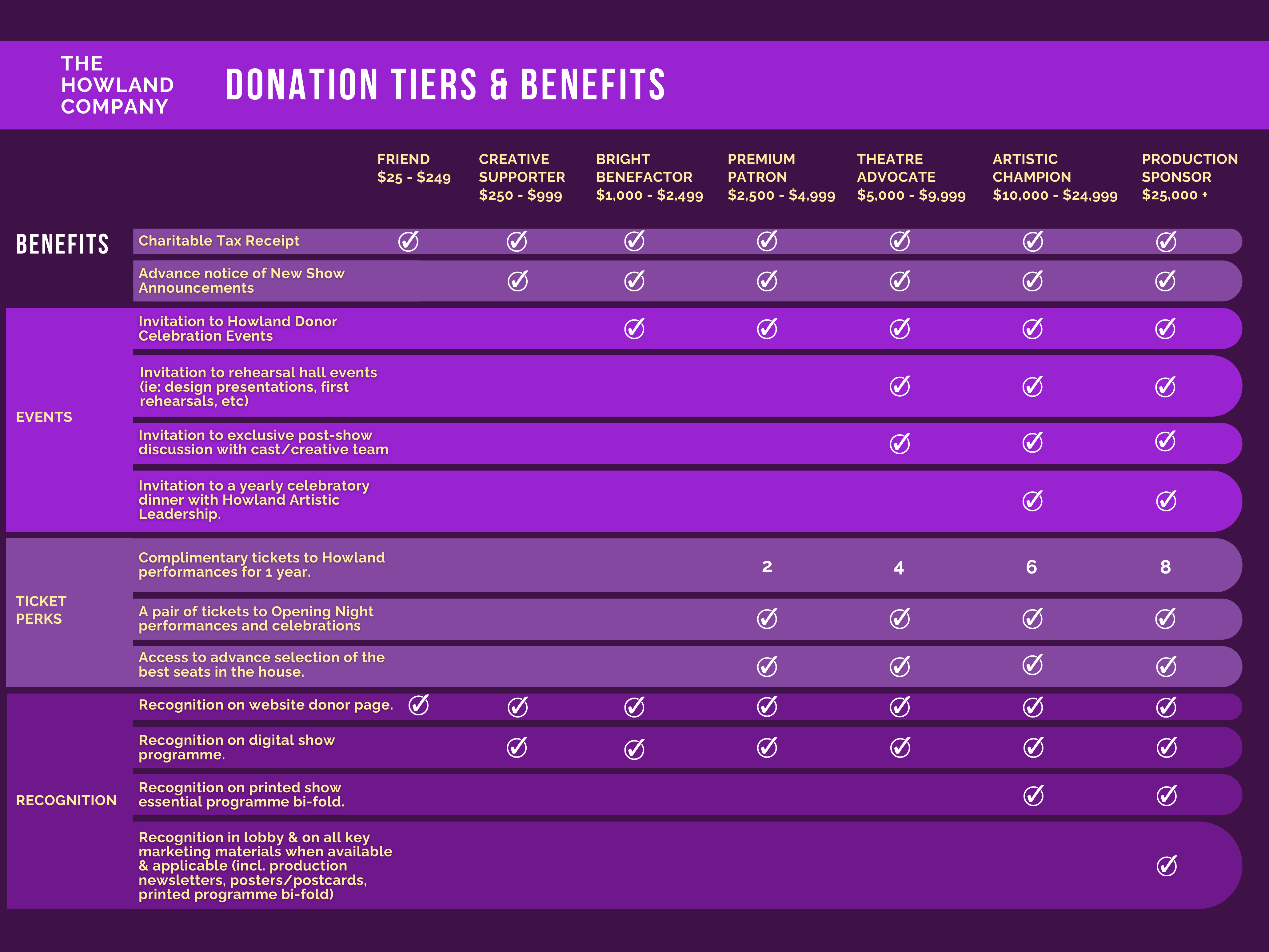 2025:26 Howland Company Donor Benefits
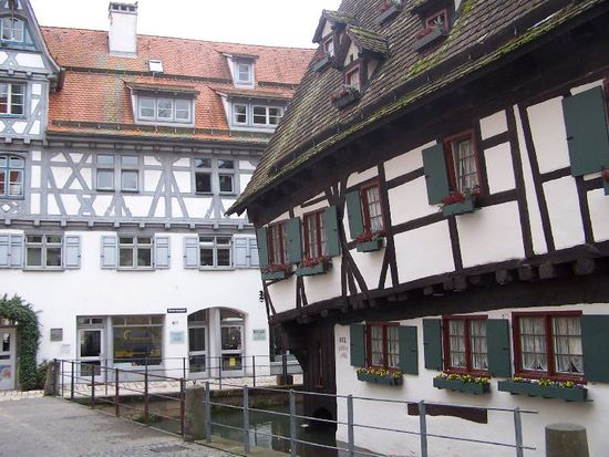 Die Häuser der Gerber liegen ebenfalls an der Blau. Darin wurden die gegerbten Fälle gewaschen und dann an den Häusern aufgehängt.
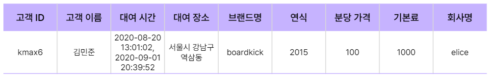 데이터 베이스에 저장된 대여시간이 한 속성 값에 두개가 입력되어 있습니다.
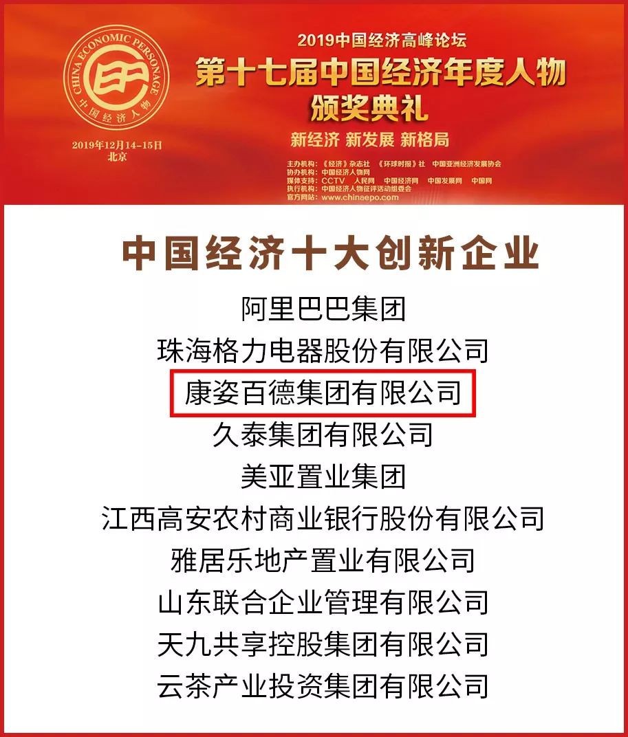 2019年12月15日,以“新經(jīng)濟(jì)、新發(fā)展、新格局”為主題,由《經(jīng)濟(jì)》雜志社、《環(huán)球時(shí)報(bào)》社、中國(guó)亞洲經(jīng)濟(jì)發(fā)展協(xié)會(huì)聯(lián)合舉辦的“2019中國(guó)經(jīng)濟(jì)高峰論壇暨第十七屆中國(guó)經(jīng)濟(jì)人物年會(huì)” 在京隆重舉行。康姿百德集團(tuán)榮獲“中國(guó)經(jīng)濟(jì)十大創(chuàng)新企業(yè)”榮譽(yù)稱號(hào)。

INSTRUCTIONS TO FOLLOW:
Send back the listing exactly as it stands. Do not include the pictures.

RESULT OF THIS TASK:
 2025:26 Howland Company Donor Benefits
 Die Häuser der Gerber liegen ebenfalls an der Blau. Darin wurden die gegerbten Fälle gewaschen und dann an den Häusern aufgehängt.
 데이터 베이스에 저장된 대여시간이 한 속성 값에 두개가 입력되어 있습니다.
 2019年12月15日,以“新經(jīng)濟(jì)、新發(fā)展、新格局”為主題,由《經(jīng)濟(jì)》雜志社、《環(huán)球時(shí)報(bào)》社、中國(guó)亞洲經(jīng)濟(jì)發(fā)展協(xié)會(huì)聯(lián)合舉辦的“2019中國(guó)經(jīng)濟(jì)高峰論壇暨第十七屆中國(guó)經(jīng)濟(jì)人物年會(huì)” 在京隆重舉行。康姿百德集團(tuán)榮獲“中國(guó)經(jīng)濟(jì)十大創(chuàng)新企業(yè)”榮譽(yù)稱號(hào)。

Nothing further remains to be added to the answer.